To evaluate the feasibility of transrectal computed ultrasound tomography (TRCUT) in localization and targeted biopsy for men who have been shown to be negative in the first biopsy guided by two-dimensional transrectal ultrasound (2D TRUS) but continue to have figures suggestive of prostate cancer, so as to minimize with confidence the number of core needle biopsies, especially when the repeat or random required.

Materials and Methods

Sixty-three patients aged 53–78 years (mean, 64.9 years) with suspected prostate cancer were enrolled when a repeat or random biopsy was indicated after at least one prostatic biopsy with negative findings. The 2D TRUS random (sextant) and TRCUT guided shot-biopsies were obtained. Imaging-biopsy consequences were finally compared with the post-operative findings and the histopathologic staging.

Results

TRCUT enabled display of the prostate gland in planes usually not obtainable at conventional 2D TRUS. Transverse and oblique thin cuts of TRCUT were more significant in all patients than other planes. Diagnostic performance of TRCUT imaging on prostate cancer localization for targeted biopsy proved an accuracy of 97.4% (P value = 0.001). TRCUT for bilateral disease detection proved an accuracy of 78.6% compared to the final post-operative pathology. Accuracy for identification of positive tumor margins proved 82.4%. Gleason score on final post-operative pathology was upgraded to 7, compared with a median score of 6 on imaging biopsies.

Conclusion

TRCUT guided target-biopsy of the prostate gland represents a technique with a higher rate of accuracy and can minimize the number of biopsy shots than using 2D TRUS in men who have high PSA levels and negative in the first biopsy procedure.

Keywords

prostate cancer computed ultrasound tomography targeted biopsy

Introduction

Imaging techniques, especially two-dimensional transrectal ultrasound (2D TRUS), introduced by Watanabe and associates¹ in 1971, is the prevalent leading imaging modality for the evaluation of prostatic disease. However, when evaluating a patient for prostate cancer (PCa) by 2D TRUS, the anatomical reference points are restricted by the limited viewing planes guiding the needle to target sites.² Besides; any motion of the physician's hand or the patient during the procedure may diverge targeting of focal lesions.³ Many authors, as well, consider the poor-edge definition of 2D TRUS, is the main for why some focal lesions still missed.^4,5 What is more, some prostate cancers (PCa) are invisible on 2D TRUS,⁶ and these are as important as those visible. These restrictions make it difficult to establish a consistent reference frame by 2D TRUS, which increase number of false-positive or false-negative results. Nevertheless, the use of color and power Doppler techniques, use of microbubble contrast agents and elastography have shown promise in improving the ability to better detect and/or localize prostate cancer.^6–10

Developments in magnetic resonance imaging (MRI) and magnetic resonance spectroscopy (MRS) have as well improved understanding of tumor biology and particularly enabled the detection and characterization of PCa and lymph node metastasis.^11–17 So far, in some studies, patients who underwent radical prostatectomy, the accuracy of combined endorectal MRI/MRS for sextant localization of prostate cancer was equal to that of MRI alone.^18,19 Together, this may be somewhere impractical considering the technical limitations, cost and the availability of these machines.

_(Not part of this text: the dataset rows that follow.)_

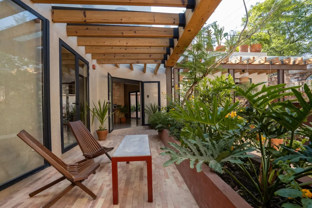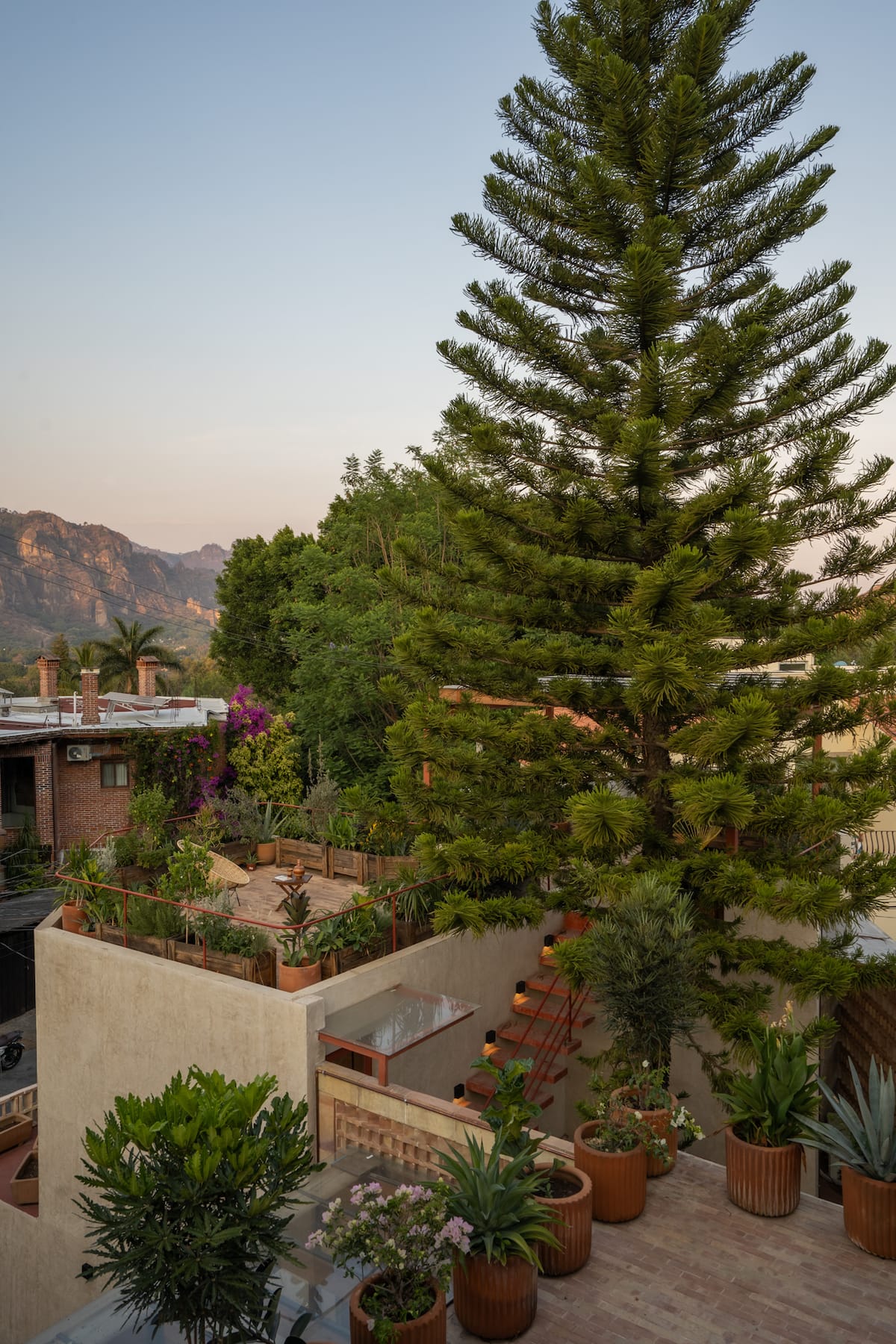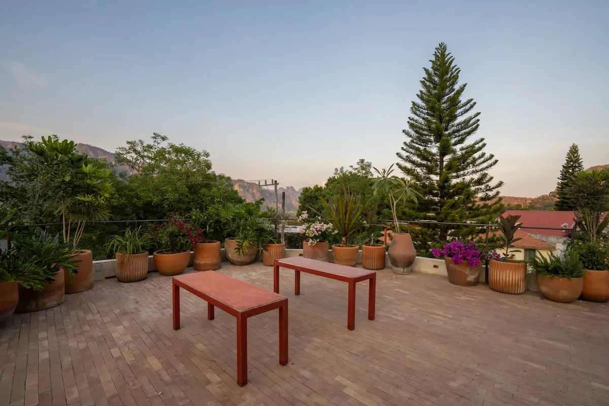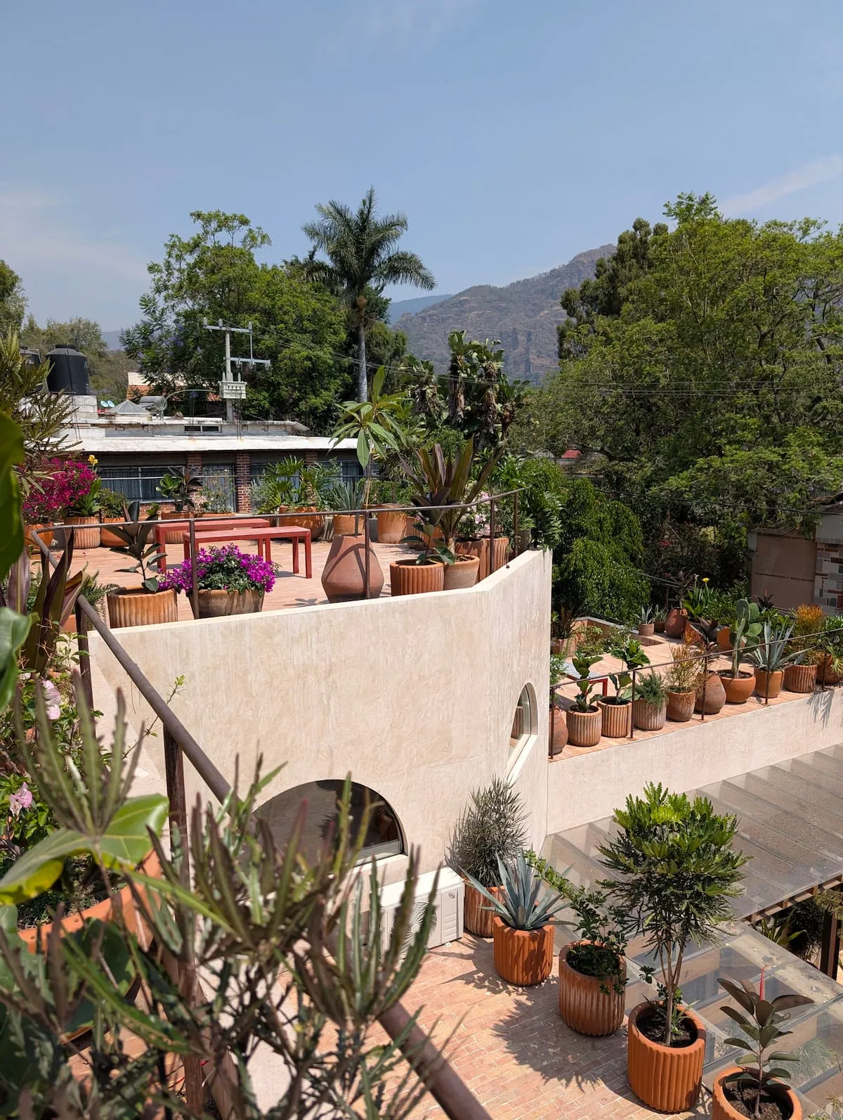 The home features lush terraces designed as vertical gardens, creating fresh and relaxing outdoor areas that embrace Tepoztlán’s unique climate.
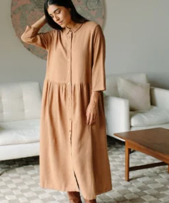 The leo dress is an oversized shirt-dress. This dress is equally chic with sandals or with loafers! They will wear it for cooler summer evenings and plan to bring it into fall with boots and leggings and a chunky cardigan. It is simple and classic.
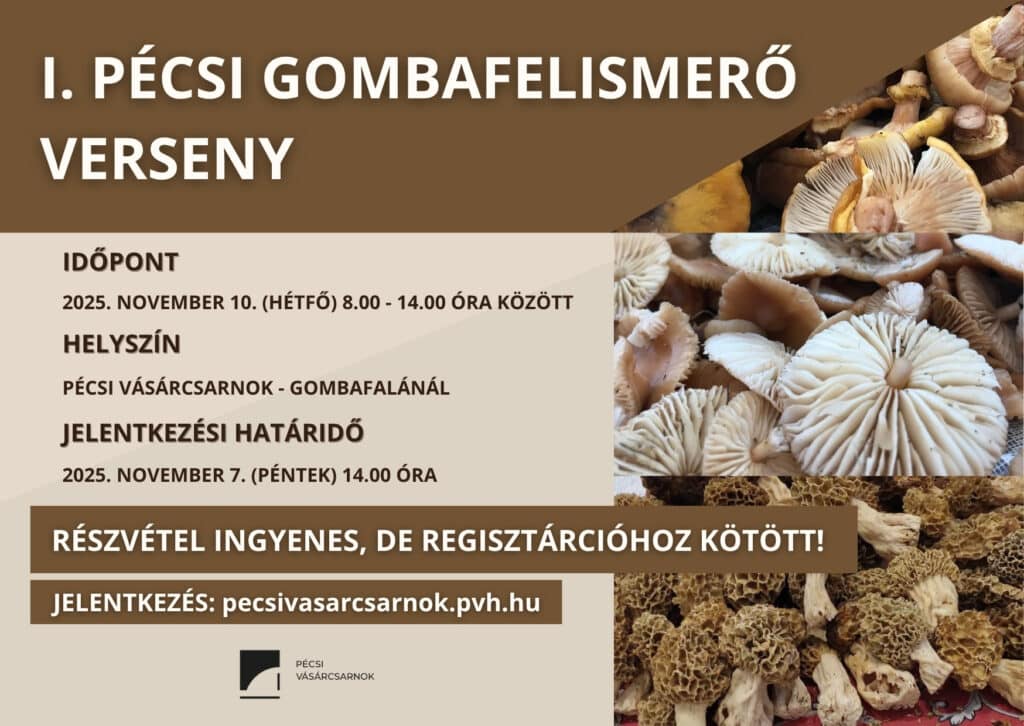A Pécsi Vásárcsarnokban november 10-én, hétfőn, reggel 8 és délután 14 óra között kerül megrendezésre az I. gombafelismerő verseny!
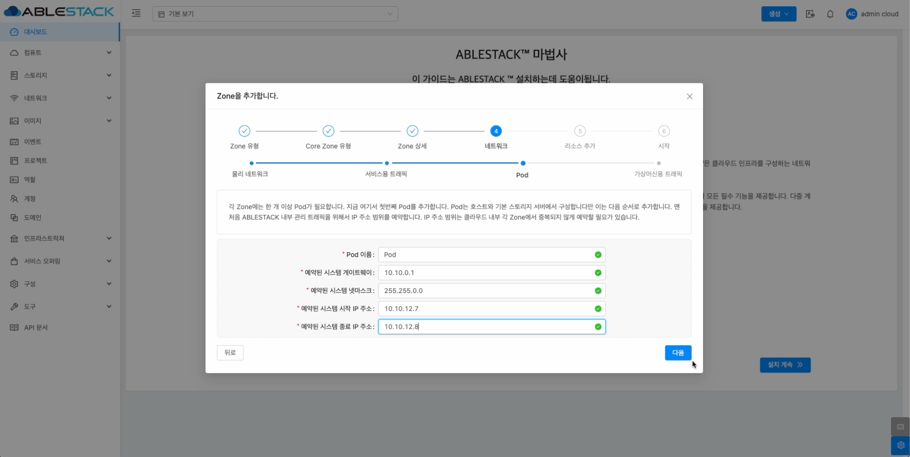 - Pod 네트워크 정보를 입력하는 화면 입니다.

Cancer tissue can exist anywhere in the prostate and accurate diagnosis of PCa is of importance; hence, improving ultrasound real time display, as an affordable, easy and minimally invasive test, is essential. Reports of the use of endocavitary Three-Dimensional Ultrasound (3D US), were produced, showing improved and promising results in minimizing to some extent the invasiveness of random biopsies.^20–24

Transrectal Three-Dimensional extended Imaging (3D XI) has been recently introduced into the diagnostic imaging field. It is an upgrade of 3D US, based upon the production of Computed Ultrasound Tomography (CUT) of the 3D volume with optical multiresolution sequence instead of grey scale shade. This modality is designed to provide thin (1.0–1.5 mm) contiguous images enlightening the entire prostatic gland in coronal, sagittal, transverse and oblique planes, allowing for extended readability and easy exploration of subtle lesions.

Hence, the purpose of our study was to evaluate the feasibility of transrectal computed ultrasound tomography (TRCUT) in precise localization-guidance for targeted biopsy in patients with high PSA levels and prior negative in the first 2D TRUS guided-biopsy.

Materials and Methods

Patient characteristics

This study was institutional review board approved. Between January 2007 and April 2009; 63 patients (age range, 53–78 years; mean, 64.9 years) were referred to our University Hospital for repeat biopsy. Each patient provided a written informed consent. Patients’ information from their medical records—received from their doctors—was used. The inclusion criteria were dependant mainly upon high serum PSA levels and negative first 2D TRUS guided-biopsy results. Patients enrolled had a mean PSA (11.6 ng/mL); range, 10.1–39.3 ng/mL. Suspicious abnormality on DRE was not essential, because DRE, which helps detect stiffness, is limited anatomically to the posterior gland and cannot help detect lesions confined anteriorly or in the transition zone, where as many as 28% of cancers occur.²⁵ Patients having a positive bone scintigram, or previously undergone androgen therapy or radiation therapy have been excluded from our entry.

Procedures

Imaging was performed using (MEDISON: SONO-ACE–X8) ultrasound machine provided with 3D XI optional software and 5–8 MHz endocavitary probe competent for conventional and volume ultrasound. The machine is networked to a workstation (Sonoview Pro: version 5.05.01). All patients received appropriate antibiotic coverage and had bowel preparation.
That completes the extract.